Language messages at our library

Creative ideas/suggestions for HMG

Moderator: Rathinagiri

User avatar
apais
Posts: 440
Joined: Fri Aug 01, 2008 6:03 pm
DBs Used: DBF
Location: uruguay
Contact:

Re: Language messages at our library

Post by apais »

As I undesrtand i18n pulls all strings from a compiled program a write them to a file were you can substitute them with your own.
That include library strings.
See how in works on hbmk2

HTH
Angel
Angel Pais
Web Apps consultant/architect/developer.
HW_apache (webserver modules) co-developer.
HbTron (Html GUI for harbour desktop hybrid apps) co-developer.
https://www.hbtron.com
User avatar
Pablo César
Posts: 4059
Joined: Wed Sep 08, 2010 1:18 pm
Location: Curitiba - Brasil

Language messages at our library

Post by Pablo César »

Wow Angel, thanks for this useful info. I never stopped to read carefully this question of internationalization (I18N) in Harbour. It's seems so cool !

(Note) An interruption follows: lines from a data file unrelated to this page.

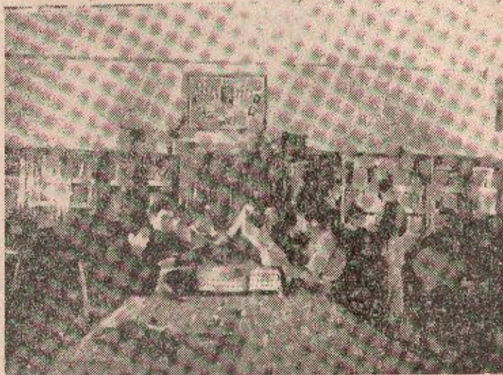
Iz čitaonice u Dubici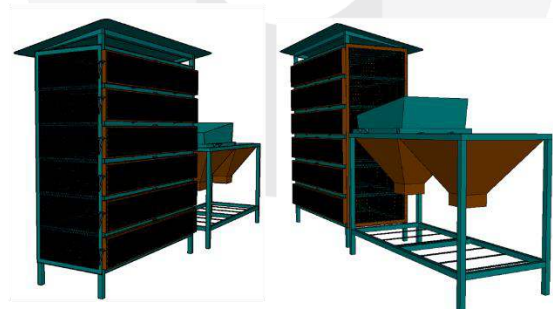
Gambar 2 Desain akhir

Berikut merupakan tampak dari desain akhir yang akan diproduksi dengan memperhatikan aspek yang telah dijelaskan pada Tabel 1 tentang studi kebutuhan, analisis aspek sistem dan material pada Tabel 2 dan Tabel 3 perihal analisis aspek ergonomi dan antropometri.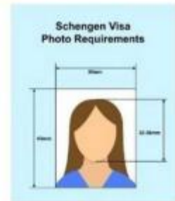
ตัวอย่างรูปถ่าย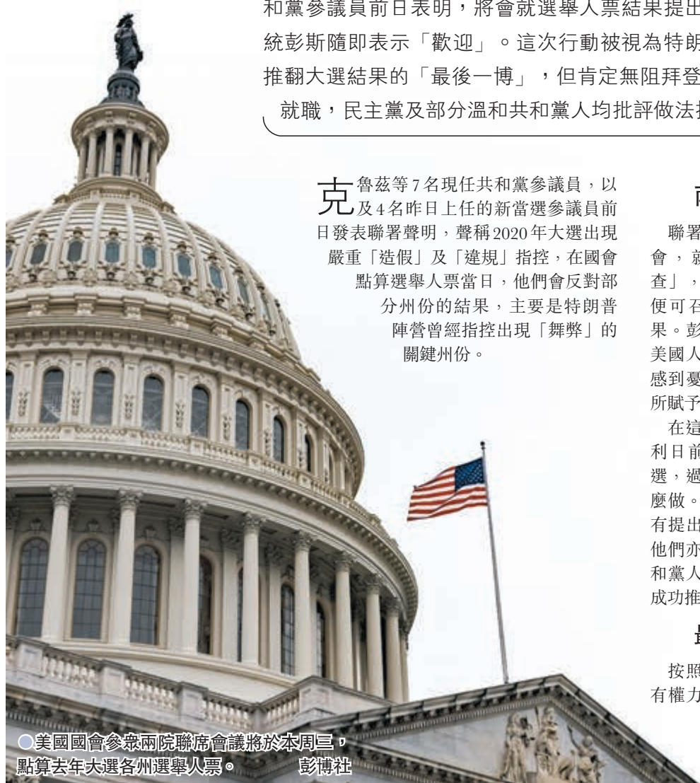
美國國會參眾兩院聯席會議將於本周三，點算去年大選各州選舉人票。

克魯茲等7名現任共和黨參議員，以及4名昨日上任的新當選參議員前日發表聯署聲明，聲稱2020年大選出現嚴重「造假」及「違規」指控，在國會點算選舉人票當日，他們會反對部分州份的結果，主要是特朗普陣營曾經指控出現「舞弊」的關鍵州份。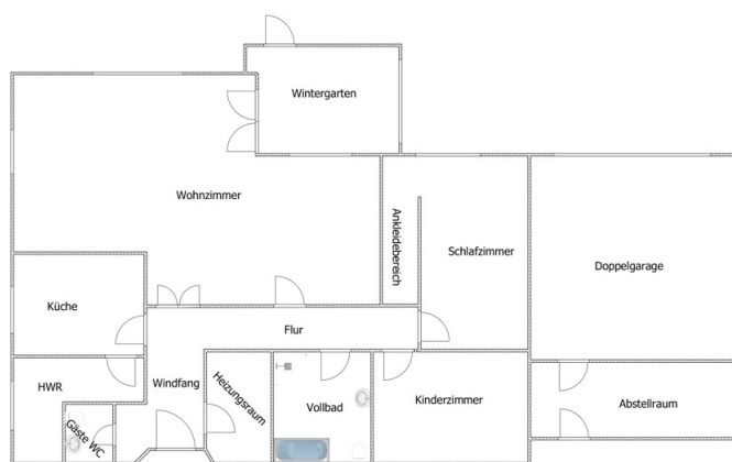
Erdgeschoss Achtung ! Unmaßstäbliche Angaben.

Esta planta não é à escala. Os documentos foram-nos entregues pelo cliente. Por conseguinte, não podemos assumir qualquer responsabilidade pela exatidão das indicações.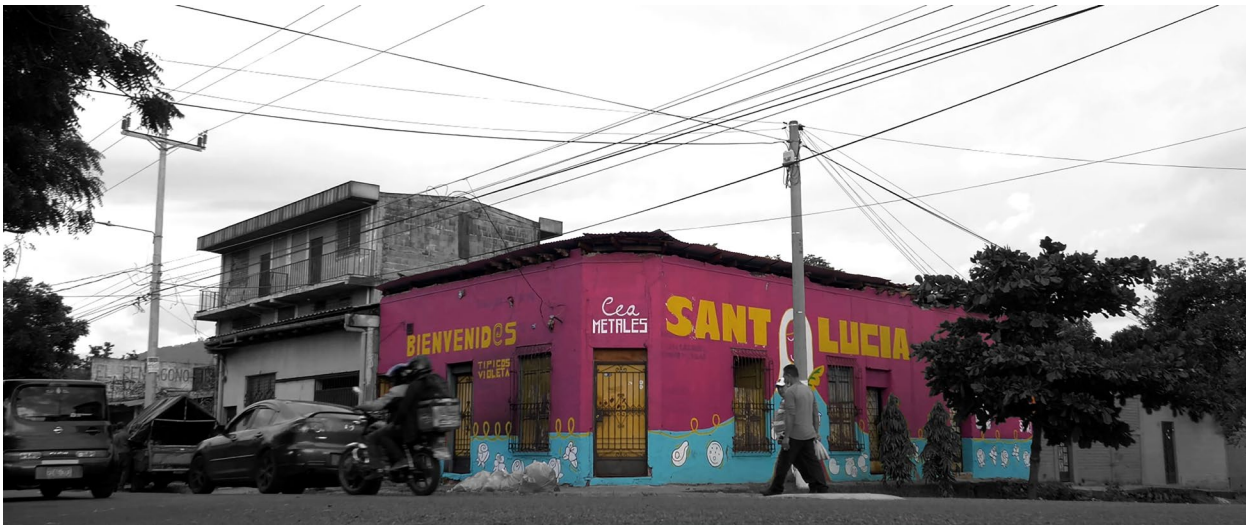
Figura 7. Jornada participativa de elaboración del mural "A los ojos de Santa Lucía".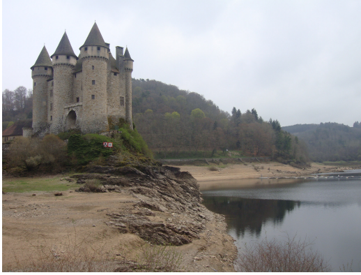
Chateau du Val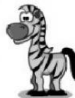
Zebra – Zebra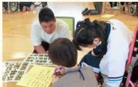
明和特別支援学校交流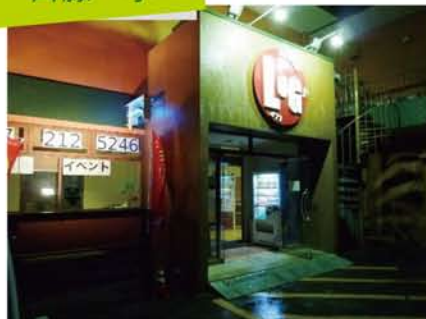
森の音楽隊が練習中の、県内某スタジオにさっそく潜入。

ふれあいサークルでは、社員とホームオーナー様や、協力業者さんとで、一緒に様々な活動を行っております。今回から、各部の活動に私自ら潜入し、体験して、ご紹介していきます。まず初めは、7月に行われた感謝祭で、演奏を披露して頂いた「森の音楽隊」に密着取材です。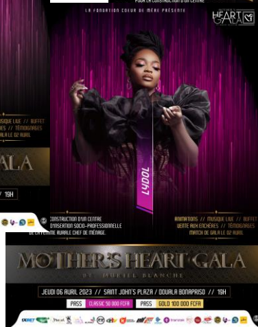
Lydol La Slammeuse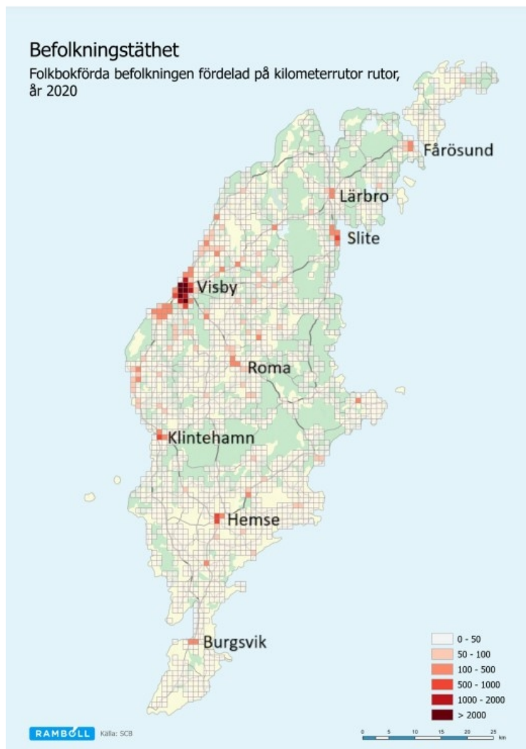
Bild 2.2 Befolkningstäthet. Folkbokförda befolkningen fördelad på kilometerrutor, år 2020. Ju mörkare färg på kartan (vitt till rött), ju fler bosatta inom respektive kvadratkilometer.

Utöver fasta bostäder finns cirka 12 500 fritidsbostäder på Gotland, varav knappt tre fjärdedelar ägs av personer folkbokförda i andra län. 5 Utöver det är Gotland ett populärt turistmål. År 2024 registrerades totalt 973 200 gästnätter. 6 Besöksnäringen på Gotland är starkt säsongsbetonad. Liksom den fasta befolkningen bor besökarna spritt över Gotland och besöksmålen finns över hela ön.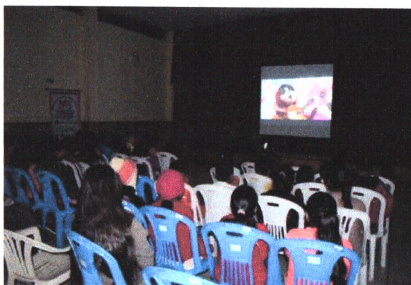
Figura 5. Narración de cuento ambiental

La emisión de películas infantiles ecologistas busca sensibilizar de manera lúdica y entretenida a los niños del distrito a fin de desarrollar su conciencia y responsabilidad ambiental respecto a sus acciones. Esta actividad se desarrollará en el auditorio municipal con los protocolos necesarios que eviten la propagación del COVID-19. Para su implementación se podrá contar con el apoyo del Comité de Damas Municipal para velar por el orden durante el desarrollo de la tarde cinematográfica y entrega de snacks saludables que mejoren la experiencia de los niños.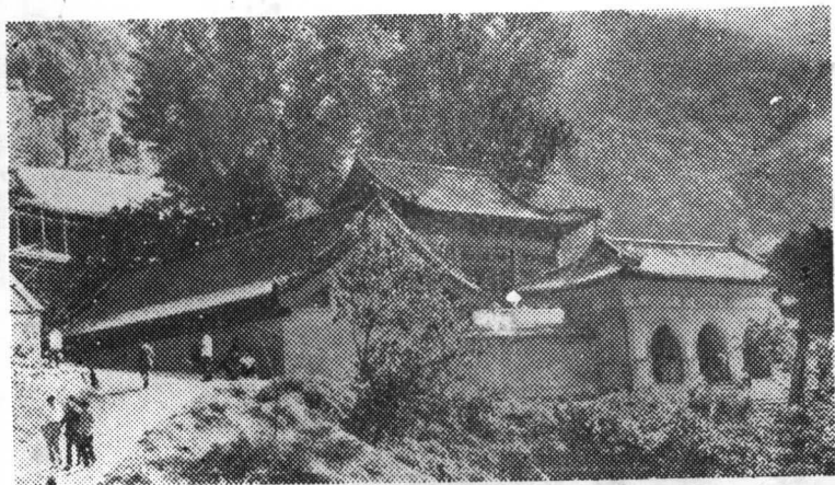
花果山三元宫古建筑群(局部)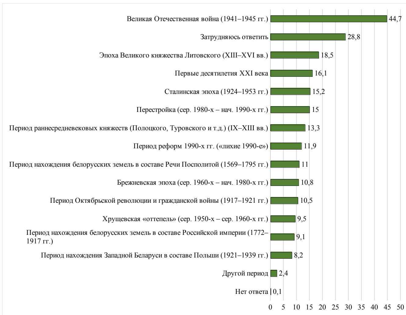
Рисунок 3.1 – Мнения респондентов о наиболее интересных периодах истории Беларуси, %

Важным аспектом исторической памяти любого общества является отмечание различных праздников и памятных дат. Возникающие у индивидов в ходе осуществления данной социокультурной практики ощущения общности и сопричастности на основе разделяемой истории способствуют поддержанию культурных и духовных связей, которые в свою очередь являются неотъемлемой составляющей дальнейшего благополучия общества. Так, в рамках данного исследования респондентам задавался два вопроса, один из которых затрагивал праздничные и памятные даты, имеющие значимость на государственном уровне, а второй касался международных и общенациональных, а также народных и религиозных праздников.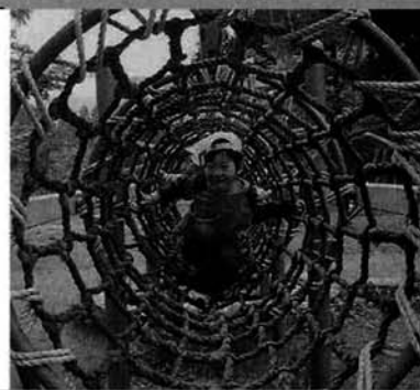
子供は遊びの王様だよ!

五月十六日(金)種芋原保育所と竹沢保育所合同の親子バス遠足が行われ、高柳町のことも自然王国で楽しい一日を過ごしました。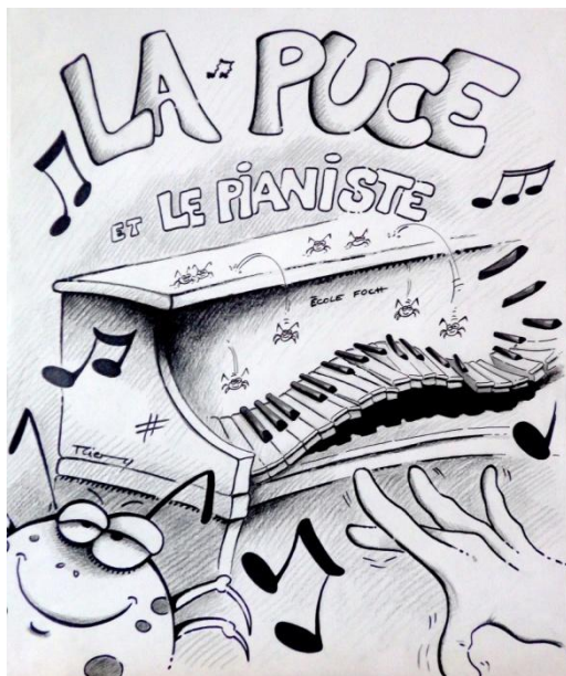
Affiche réalisée par Thierry Thibouret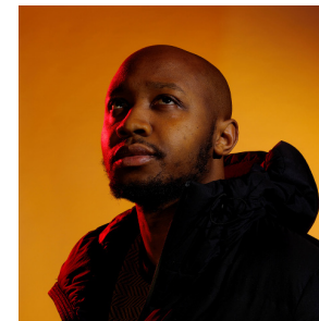
> Shola AMOO réalisateur de Last Tree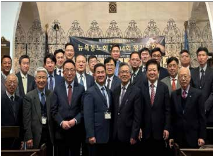
KAPC 뉴욕동노회 제94회 정기노회 사진 촬영했다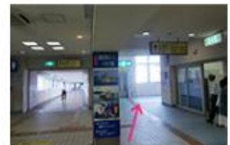
②1番出口へお向かいください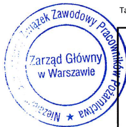
Tabela nr 1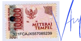
Vincentius Jerremy Saputra

Surabaya, 03 Desember 2021 Yang menyatakan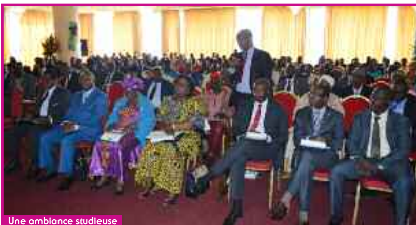
Une ambiance studieuse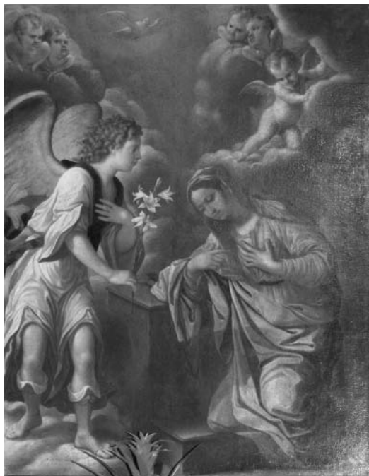
Fig. 7. - Marcantonio Donzelli, Annunciazione, Ospedale di Pieve di Coriano.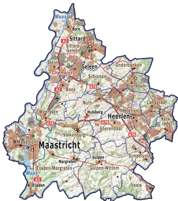
Fig. 2 Zuid-Limburg

In dit hoofdstuk worden de kenmerken van de regio Zuid-Limburg getypeerd qua geografie, gemeenten en ligging ten opzichte van de binnen- en buitenlandse buurregio's.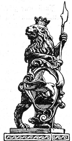
Hauszeichen der Stube zum Mittelleyen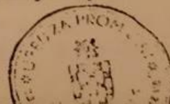
Slika 4. Popis zabranjenih knjiga iz 1942. godine 52

Desetorica s lomačo. 1000 najljepših novela /svi sv u kojima se nalaze prilosi pri navodnih pisaca/ Nova ruska proza Hitler osvajač "Nolit" i sva latinica na srpsk jeziku.-Novi ruski humor Židovski humor.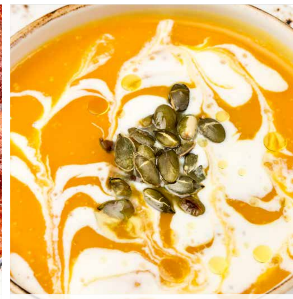
ТЫКВЕННЫЙ СУП С РИКОТТОЙ Pumpkin soup with ricotta 利可塔奶酪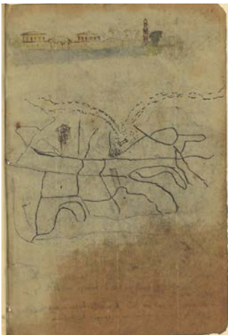
Gérard de Nerval. Carnet de voyage en Orient.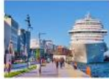
ล่องเรือช่องแคบบอสฟอรัส Galata Port

** พักที่ Crowne Plaza Istanbul - Harbiye 5* หรือเทียบเท่า **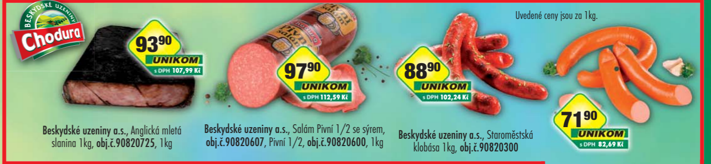
93 90 UNIKOM s DPH 107,99 Kč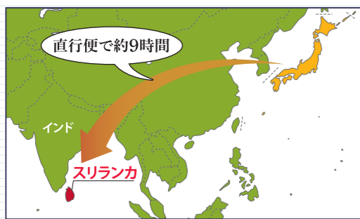
*スリランカ中央銀行年次報告書(2019年) **JETRO提供(2021年1月時点)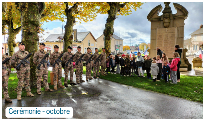
Cérémonie - octobre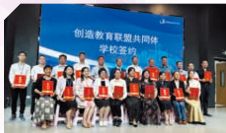
首間香港中學獲邀成為大灣區「創造教育聯盟共同體」的成員

I've found following information which I wish to share:

Internationalization Concept (i18n)[/size](by Margaret Rouse) Internationalization (sometimes shortened to "I18N , meaning "I - eighteen letters -N") is the process of planning and implementing products and services so that they can easily be adapted to specific local languages and cultures, a process called localization . The internationalization process is sometimes called translation or localization enablement . Enablement can include:
  • Allowing space in user interfaces (for example, hardware labels, help pages, and online menus) for translation into languages that require more characters
  • Developing with products (such as Web editors or authoring tools) that can support international character sets ( Unicode )
  • Creating print or Web site graphic images so that their text labels can be translated inexpensively
  • Using written examples that have global meaning
  • For software, ensuring data space so that messages can be translated from languages with single-byte character codes (such as English) into languages requiring multiple-byte character codes (such as Japanese Kanji)

Harbour support for i18n
Massimo Belgrano
http://en.wikipedia.org/wiki/Internatio ... calization
http://www.debian.org/doc/manuals/intro-i18n/
https://github.com/vszakats/harbour-cor ... b-diff.txt
Harbour /j[<file>] generate i18n gettext file (.pot)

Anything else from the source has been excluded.